写真8:Alterpacksは植物由来の食品容器やカトラリーを開発する。耐久性がありながら生分解ができる

 香港のWadaFoodTechは、温かい弁当を提供する自動販売機を開発する。IoT(Internet of Things:モノのインターネット)技術を使った物流システムを持ち、弁当を65度の温度を保ちながら自販機に届ける(写真9)。賞味期限は10〜14時間だがAI技術による需要予測により廃棄ロスを抑える。香港では病院や大学に導入されている。
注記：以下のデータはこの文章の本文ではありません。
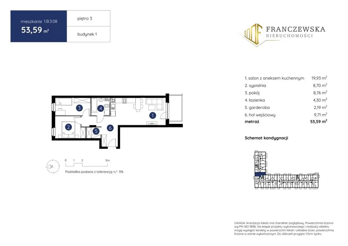 Trzypokojowe mieszkanie o powierzchni projektowej 53,59 m² na 0 p. / 5 p. na Bazylianówce.

創業者は東京大学に在籍したことがあり日本市場にも詳しく、東京の日本科学未来館や大阪・関西万博の工事現場などに設置例がある。

写真9:WadaFoodTechは、暖かい弁当を数十秒で70食以上を提供できる自動販売機と物流の実用化を進めている

 ほかにも、レストラン経営の効率化ツールを開発する米ClearCOGSや、AI技術を搭載するロボット調理器「Beastro」を開発するイスラエルのKitchen Roboticsが登壇した。

 ピッチでは多くのスタートアップが、食文化が豊かな日本市場への進出に期待していることが伺えた。一方で進出には、言葉や文化の違い、保守的であるといった壁があり、本プログラムを通じてパートナーを探し、協業を進めたいという思いもあるようだ。